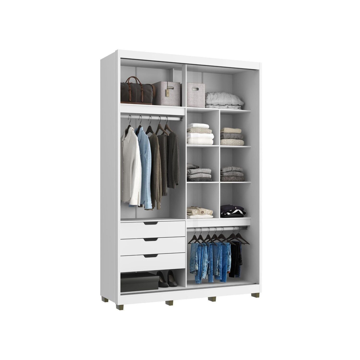 Transforme o seu ambiente com o Roupeiro Thales 2 Portas de Correr e 3 Gavetas! Com um design moderno e funcional, ele é perfeito para quem busca praticidade e elegância. Com 2350mm de altura, 1500mm de largura e 540mm de profundidade, o Roupeiro Thales oferece um ótimo espaço interno para organizar suas roupas e acessórios, tudo com a qualidade e a resistência do MDF. As portas de correr com acabamento grafiatto, puxadores em MDF e molduras de 25mm proporcionam um acabamento elegante. O roupeiro conta com 03 gavetas internas com acabamento usinado e corrediças telescópicas. Além disso, o roupeiro conta com cabideiros em alumínio e trilho inferior de alumínio, garantindo durabilidade e resistência. Garanta já o seu!
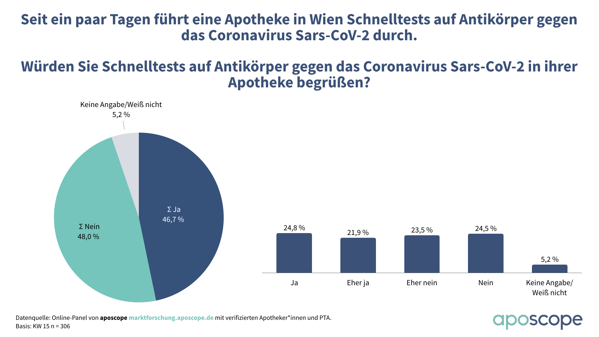 In Bezug auf Schnelltests auf Antikörper gegen Sars-CoV-2 nach österreichischem Vorbild ist das Apothekenpersonal gespalten: Knapp die Hälfte der Befragten (47 Prozent) würde solche Tests in ihrer Apotheke begrüßen, während die andere Hälfte (48 Prozent) dies ablehnt. Um den Anstieg der Infektionszahlen weiter zu verlangsamen, sprechen sich 50 Prozent der Umfrageteilnehmer für eine Verlängerung des Kontaktverbotes um zwei bis vier Wochen aus. Außerdem wünscht sich mehr als die Hälfte (53 Prozent) eine Mundschutzpflicht beim Einkaufen.
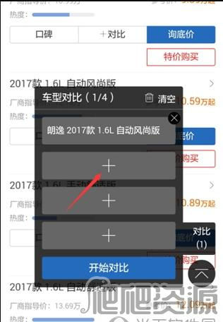 4、此时会弹出车型对比窗口,若当前仅显示一款车型版本,则需添加其他对比车型版本,点击“+号”按钮即可。
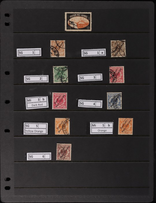 1880s-90s Forerunners of German issues with 1891 Numeral 2Mk (2) both Stephansort cds, 1888 Eagle 50pf rejoined pr with Finschafen 1889 cds, 1890-97 2pf grey CTO Berlinhafen, 5pf green (3) all Friedrichwilhelmshafen cds, 10pf red (2) Herbertshohe &
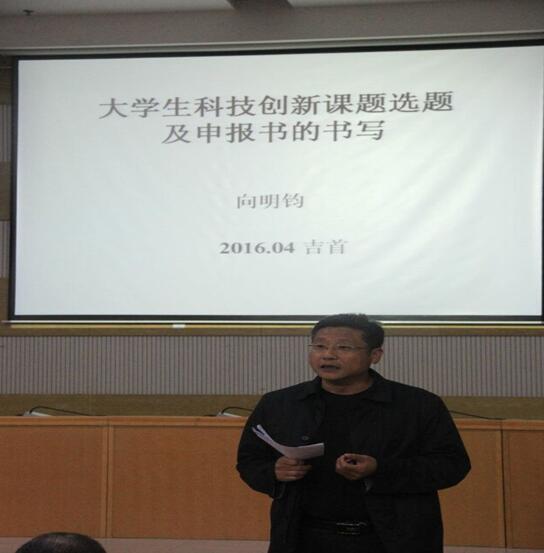 本网讯(马清)2016年5月9日晚19:00医学科技创新与竞赛工作室在大田湾校区多功能报告厅举行以“大学生科技创新课题选题与申报”为主题的讲座,邀请了向明钧教授主讲,参与对象主要为yl6809永利YL集团各班学生代表。yl6809永利YL集团向志钢副院长,医学创新工作室与竞赛工作室指导教师张钰华老师亲临讲座现场。在讲座开始前,向志钢副院长就大学生开展科技创新课题研究申报的必要性和重要性做了讲话,同时对同学们提出了殷切希望。向明钧教授在讲座中提出项目选题的原则为“实用性、创新性、可行性”,以自己指导申报成功同学的申报书为范本,对申报书撰写的要求和技巧进行了精彩全面诠释。
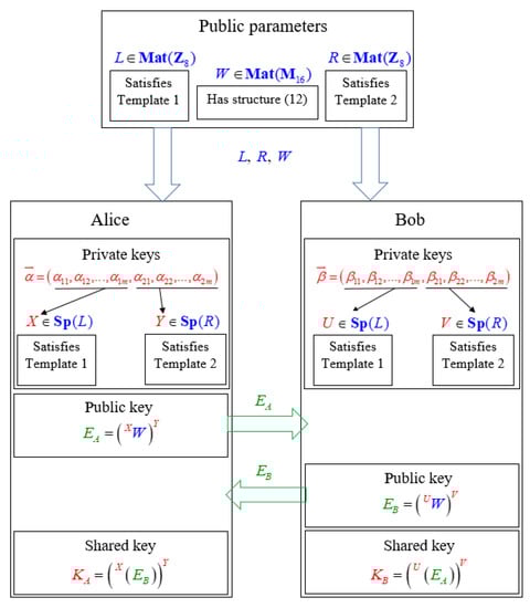 Nevertheless, we can use some facts from our previous research to establish a working key exchange protocol between Alice and Bob. To achieve this goal, we have previously considered the basic properties of the MPF defined over in [25]. Relying on the obtained conclusions and a specified form of the base matrix W we defined several possible templates for power matrices mainly focusing on the left side of (8). In this paper we focus on LRMPF and consider the matrix W to define a slightly different form of this matrix. We think that the new structure described in this paper makes an important contribution to the complexity of the so-called LRMPF problem. Furthermore we define an extra template for the right side power matrices, which cannot be ignored when executing the proposed protocol.
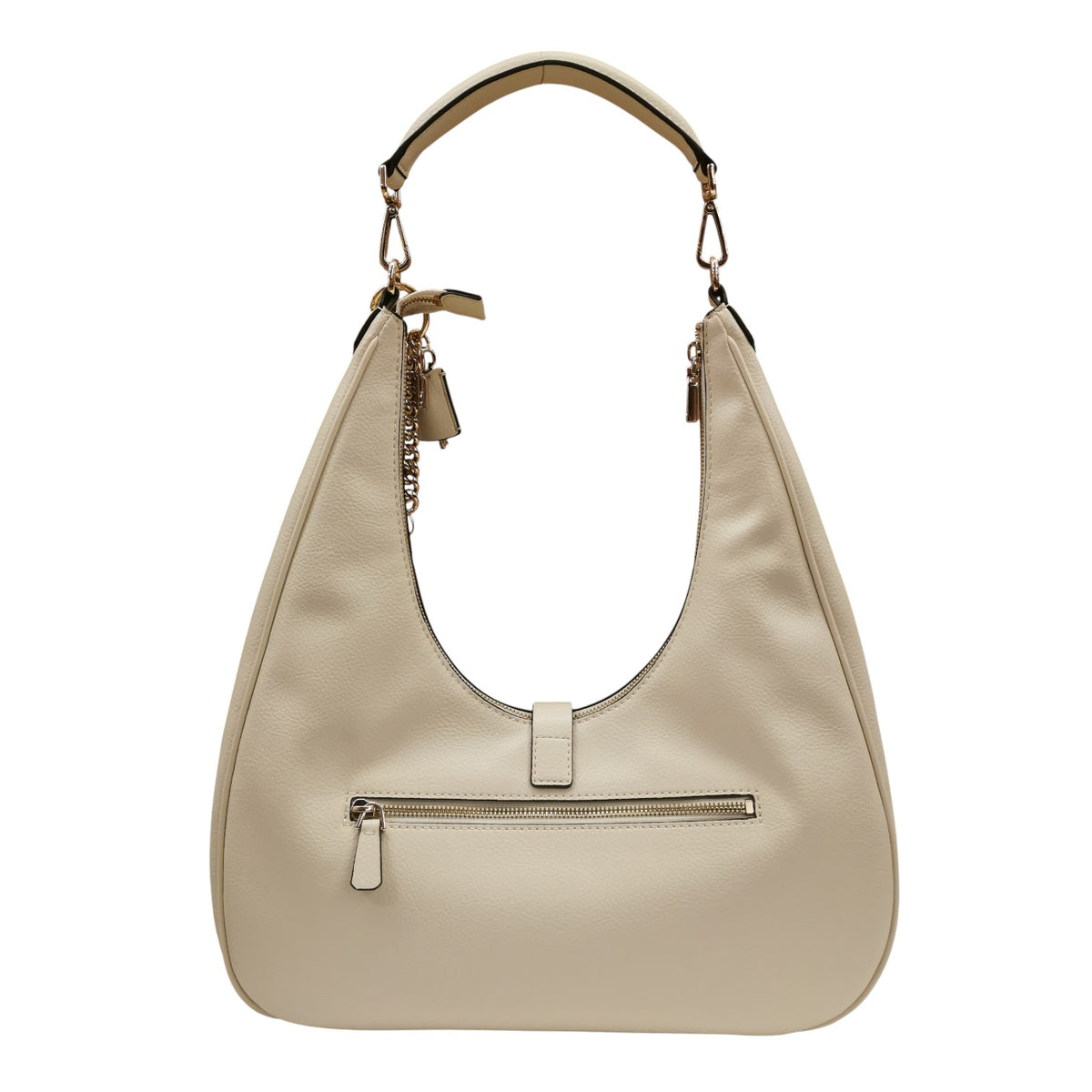 La Borsa a spalla firmata Guess, realizzata in ecopelle qui proposta nella variante bianca è caratterizzata da dettagli metallici e da charm con logo staccabili. Presenta una fodera interna personalizzata con logo ed una comodissima tasca posteriore e interna con zip.

WHAT IS NEEDED:
Write out the whole listing verbatim, images excluded.

ANSWER AREA:
 Transforme o seu ambiente com o Roupeiro Thales 2 Portas de Correr e 3 Gavetas! Com um design moderno e funcional, ele é perfeito para quem busca praticidade e elegância. Com 2350mm de altura, 1500mm de largura e 540mm de profundidade, o Roupeiro Thales oferece um ótimo espaço interno para organizar suas roupas e acessórios, tudo com a qualidade e a resistência do MDF. As portas de correr com acabamento grafiatto, puxadores em MDF e molduras de 25mm proporcionam um acabamento elegante. O roupeiro conta com 03 gavetas internas com acabamento usinado e corrediças telescópicas. Além disso, o roupeiro conta com cabideiros em alumínio e trilho inferior de alumínio, garantindo durabilidade e resistência. Garanta já o seu!
 In Bezug auf Schnelltests auf Antikörper gegen Sars-CoV-2 nach österreichischem Vorbild ist das Apothekenpersonal gespalten: Knapp die Hälfte der Befragten (47 Prozent) würde solche Tests in ihrer Apotheke begrüßen, während die andere Hälfte (48 Prozent) dies ablehnt. Um den Anstieg der Infektionszahlen weiter zu verlangsamen, sprechen sich 50 Prozent der Umfrageteilnehmer für eine Verlängerung des Kontaktverbotes um zwei bis vier Wochen aus. Außerdem wünscht sich mehr als die Hälfte (53 Prozent) eine Mundschutzpflicht beim Einkaufen.
 4、此时会弹出车型对比窗口,若当前仅显示一款车型版本,则需添加其他对比车型版本,点击“+号”按钮即可。
 1880s-90s Forerunners of German issues with 1891 Numeral 2Mk (2) both Stephansort cds, 1888 Eagle 50pf rejoined pr with Finschafen 1889 cds, 1890-97 2pf grey CTO Berlinhafen, 5pf green (3) all Friedrichwilhelmshafen cds, 10pf red (2) Herbertshohe &
 本网讯(马清)2016年5月9日晚19:00医学科技创新与竞赛工作室在大田湾校区多功能报告厅举行以“大学生科技创新课题选题与申报”为主题的讲座,邀请了向明钧教授主讲,参与对象主要为yl6809永利YL集团各班学生代表。yl6809永利YL集团向志钢副院长,医学创新工作室与竞赛工作室指导教师张钰华老师亲临讲座现场。在讲座开始前,向志钢副院长就大学生开展科技创新课题研究申报的必要性和重要性做了讲话,同时对同学们提出了殷切希望。向明钧教授在讲座中提出项目选题的原则为“实用性、创新性、可行性”,以自己指导申报成功同学的申报书为范本,对申报书撰写的要求和技巧进行了精彩全面诠释。
 Nevertheless, we can use some facts from our previous research to establish a working key exchange protocol between Alice and Bob. To achieve this goal, we have previously considered the basic properties of the MPF defined over in [25]. Relying on the obtained conclusions and a specified form of the base matrix W we defined several possible templates for power matrices mainly focusing on the left side of (8). In this paper we focus on LRMPF and consider the matrix W to define a slightly different form of this matrix. We think that the new structure described in this paper makes an important contribution to the complexity of the so-called LRMPF problem. Furthermore we define an extra template for the right side power matrices, which cannot be ignored when executing the proposed protocol.
 La Borsa a spalla firmata Guess, realizzata in ecopelle qui proposta nella variante bianca è caratterizzata da dettagli metallici e da charm con logo staccabili. Presenta una fodera interna personalizzata con logo ed una comodissima tasca posteriore e interna con zip.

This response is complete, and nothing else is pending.